:: TASK INSTRUCTIONS ::
Every record must be given again word for word; no picture belongs in the copy.

Stored entries
[Start of Attachment]

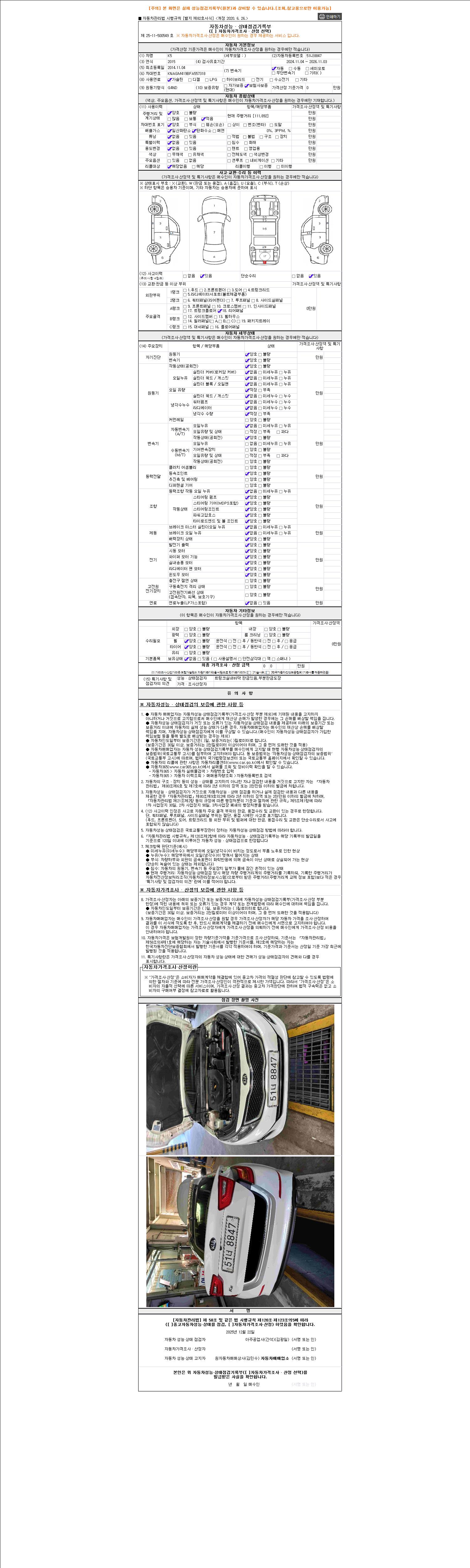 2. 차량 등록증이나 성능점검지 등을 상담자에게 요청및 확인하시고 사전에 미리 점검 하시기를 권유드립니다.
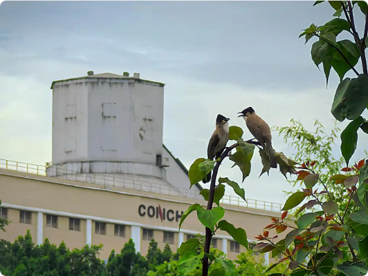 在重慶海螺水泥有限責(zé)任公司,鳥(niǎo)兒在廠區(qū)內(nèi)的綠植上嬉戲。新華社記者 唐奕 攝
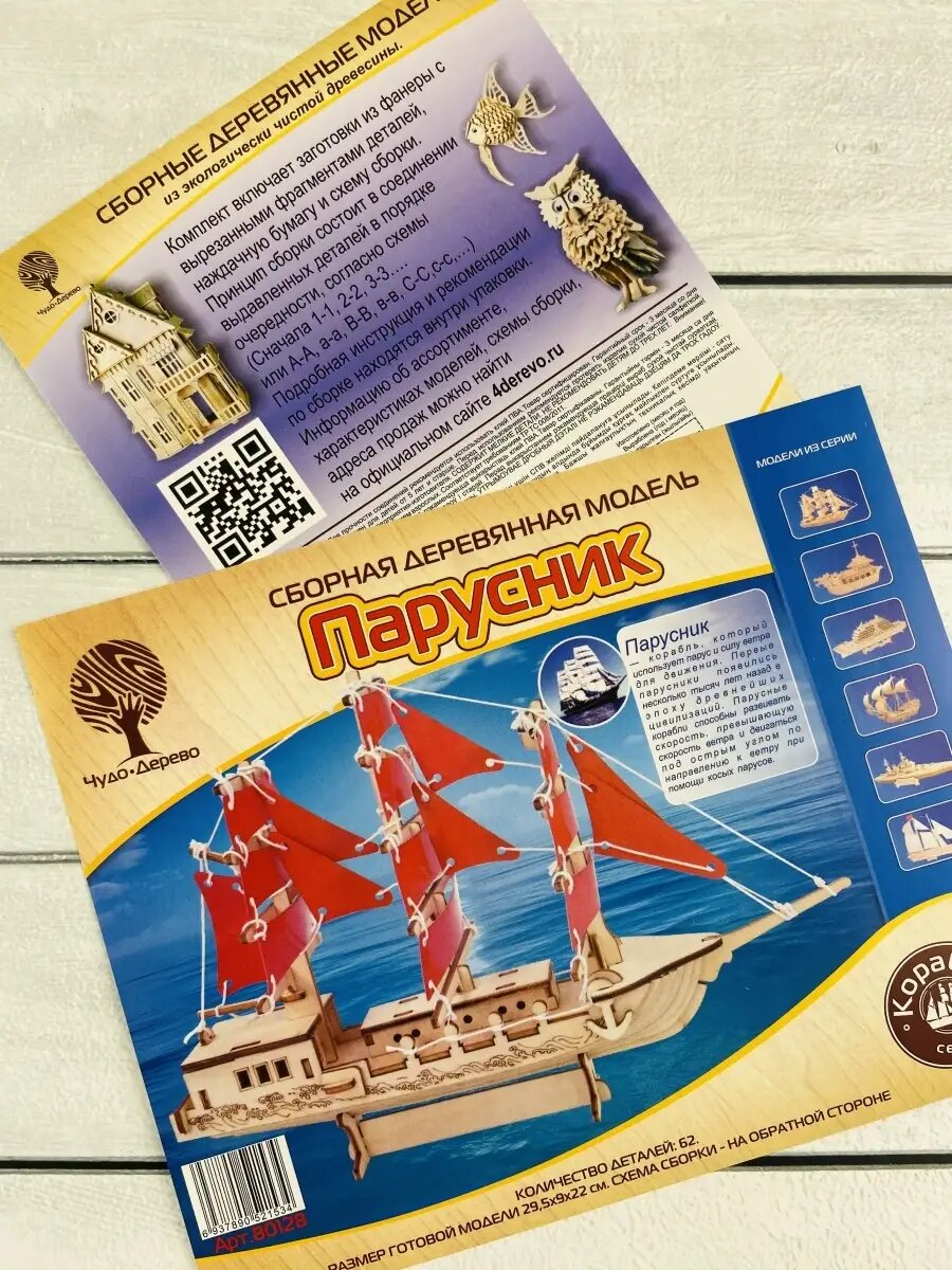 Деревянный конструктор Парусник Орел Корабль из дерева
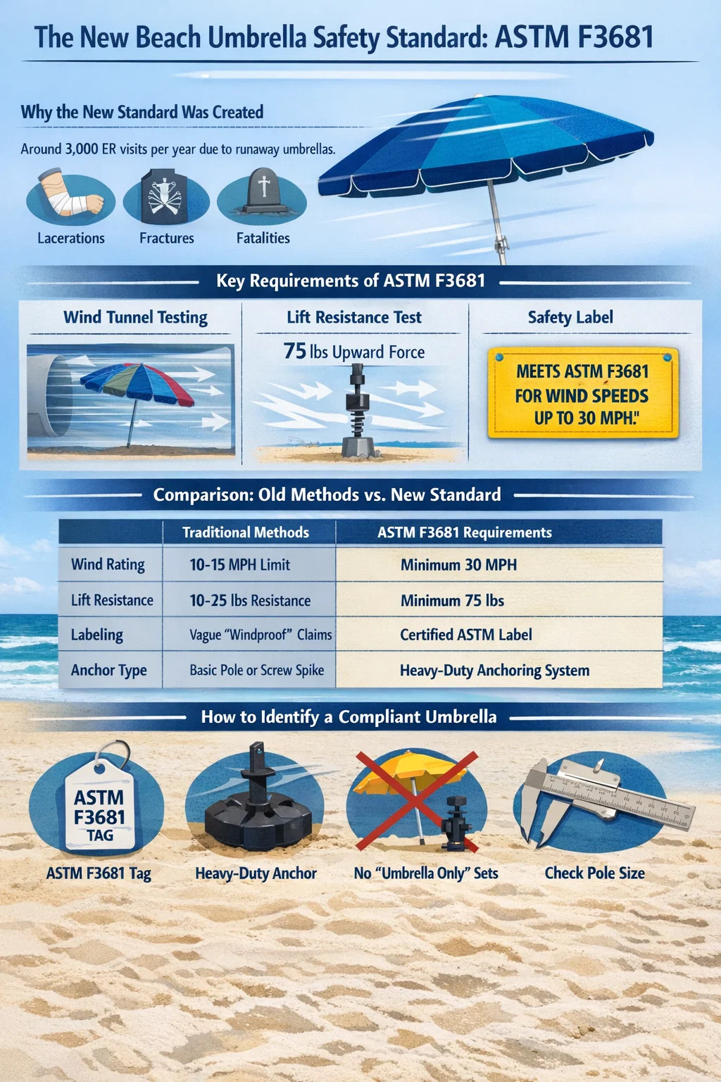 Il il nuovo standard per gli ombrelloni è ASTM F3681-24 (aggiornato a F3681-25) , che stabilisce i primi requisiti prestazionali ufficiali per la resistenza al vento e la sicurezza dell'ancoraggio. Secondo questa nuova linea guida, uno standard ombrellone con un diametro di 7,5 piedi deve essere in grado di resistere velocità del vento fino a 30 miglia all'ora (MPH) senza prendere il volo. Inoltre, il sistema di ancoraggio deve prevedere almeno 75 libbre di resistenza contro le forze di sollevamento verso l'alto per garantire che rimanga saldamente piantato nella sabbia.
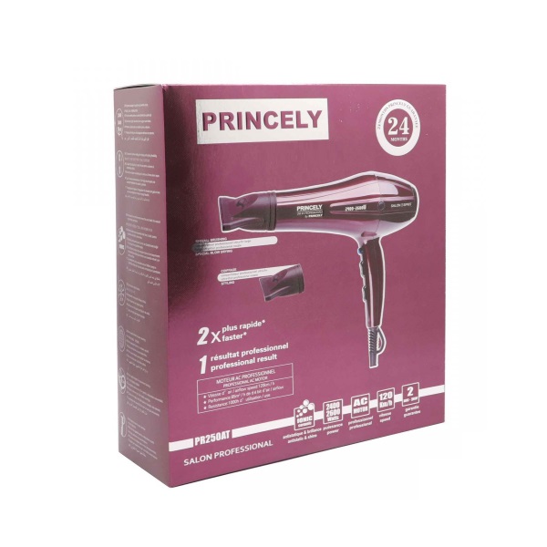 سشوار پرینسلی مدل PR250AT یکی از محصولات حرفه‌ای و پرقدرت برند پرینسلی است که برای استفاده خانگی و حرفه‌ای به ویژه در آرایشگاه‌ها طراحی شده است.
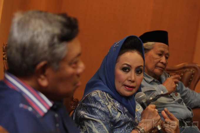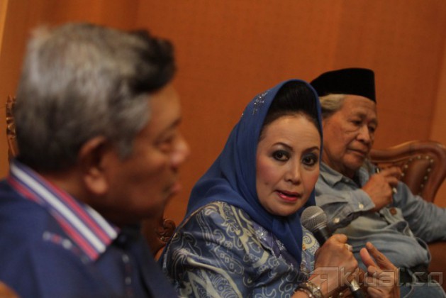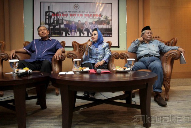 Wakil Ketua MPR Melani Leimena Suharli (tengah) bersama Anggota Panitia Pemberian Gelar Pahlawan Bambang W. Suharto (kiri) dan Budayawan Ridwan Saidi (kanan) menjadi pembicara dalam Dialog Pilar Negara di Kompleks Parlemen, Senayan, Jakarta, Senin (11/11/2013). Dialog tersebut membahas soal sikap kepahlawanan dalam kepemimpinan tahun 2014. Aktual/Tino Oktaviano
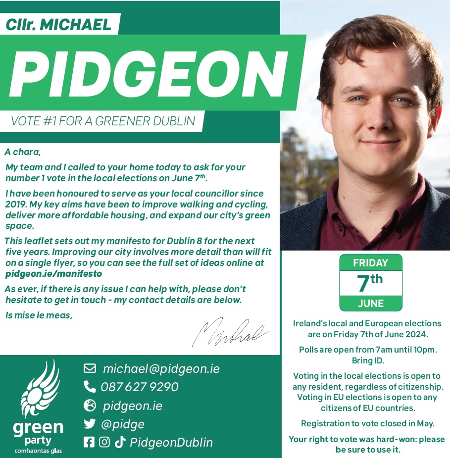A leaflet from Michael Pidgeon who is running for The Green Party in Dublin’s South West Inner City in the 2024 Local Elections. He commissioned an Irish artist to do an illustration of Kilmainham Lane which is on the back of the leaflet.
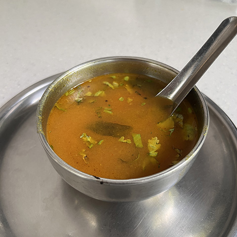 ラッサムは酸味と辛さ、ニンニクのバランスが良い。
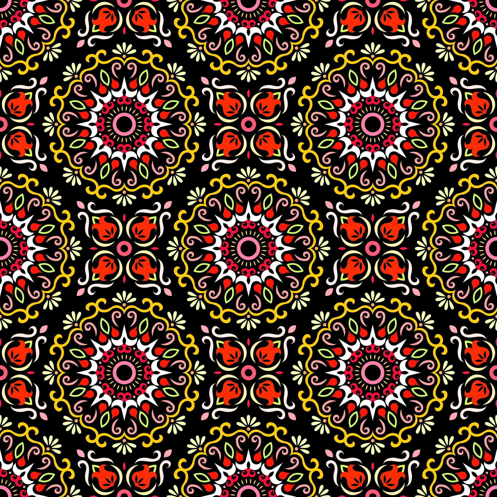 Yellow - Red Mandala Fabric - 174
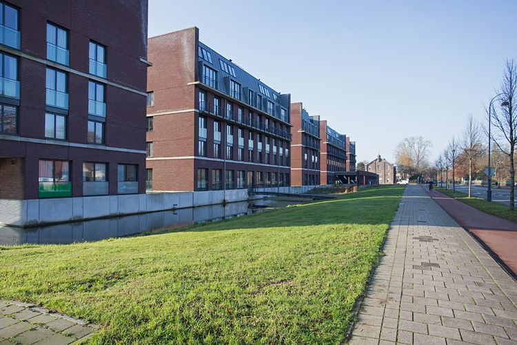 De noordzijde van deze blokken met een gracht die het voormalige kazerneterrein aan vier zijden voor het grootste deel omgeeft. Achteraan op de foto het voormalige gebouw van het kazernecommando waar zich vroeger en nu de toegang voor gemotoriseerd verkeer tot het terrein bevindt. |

[End of Attachment]

:: EXPECTED OUTPUT ::
 2. 차량 등록증이나 성능점검지 등을 상담자에게 요청및 확인하시고 사전에 미리 점검 하시기를 권유드립니다.
 在重慶海螺水泥有限責(zé)任公司,鳥(niǎo)兒在廠區(qū)內(nèi)的綠植上嬉戲。新華社記者 唐奕 攝
 Деревянный конструктор Парусник Орел Корабль из дерева
 Il il nuovo standard per gli ombrelloni è ASTM F3681-24 (aggiornato a F3681-25) , che stabilisce i primi requisiti prestazionali ufficiali per la resistenza al vento e la sicurezza dell'ancoraggio. Secondo questa nuova linea guida, uno standard ombrellone con un diametro di 7,5 piedi deve essere in grado di resistere velocità del vento fino a 30 miglia all'ora (MPH) senza prendere il volo. Inoltre, il sistema di ancoraggio deve prevedere almeno 75 libbre di resistenza contro le forze di sollevamento verso l'alto per garantire che rimanga saldamente piantato nella sabbia.
 سشوار پرینسلی مدل PR250AT یکی از محصولات حرفه‌ای و پرقدرت برند پرینسلی است که برای استفاده خانگی و حرفه‌ای به ویژه در آرایشگاه‌ها طراحی شده است.
 Wakil Ketua MPR Melani Leimena Suharli (tengah) bersama Anggota Panitia Pemberian Gelar Pahlawan Bambang W. Suharto (kiri) dan Budayawan Ridwan Saidi (kanan) menjadi pembicara dalam Dialog Pilar Negara di Kompleks Parlemen, Senayan, Jakarta, Senin (11/11/2013). Dialog tersebut membahas soal sikap kepahlawanan dalam kepemimpinan tahun 2014. Aktual/Tino Oktaviano
A leaflet from Michael Pidgeon who is running for The Green Party in Dublin’s South West Inner City in the 2024 Local Elections. He commissioned an Irish artist to do an illustration of Kilmainham Lane which is on the back of the leaflet.
 ラッサムは酸味と辛さ、ニンニクのバランスが良い。
 Yellow - Red Mandala Fabric - 174
 De noordzijde van deze blokken met een gracht die het voormalige kazerneterrein aan vier zijden voor het grootste deel omgeeft. Achteraan op de foto het voormalige gebouw van het kazernecommando waar zich vroeger en nu de toegang voor gemotoriseerd verkeer tot het terrein bevindt. |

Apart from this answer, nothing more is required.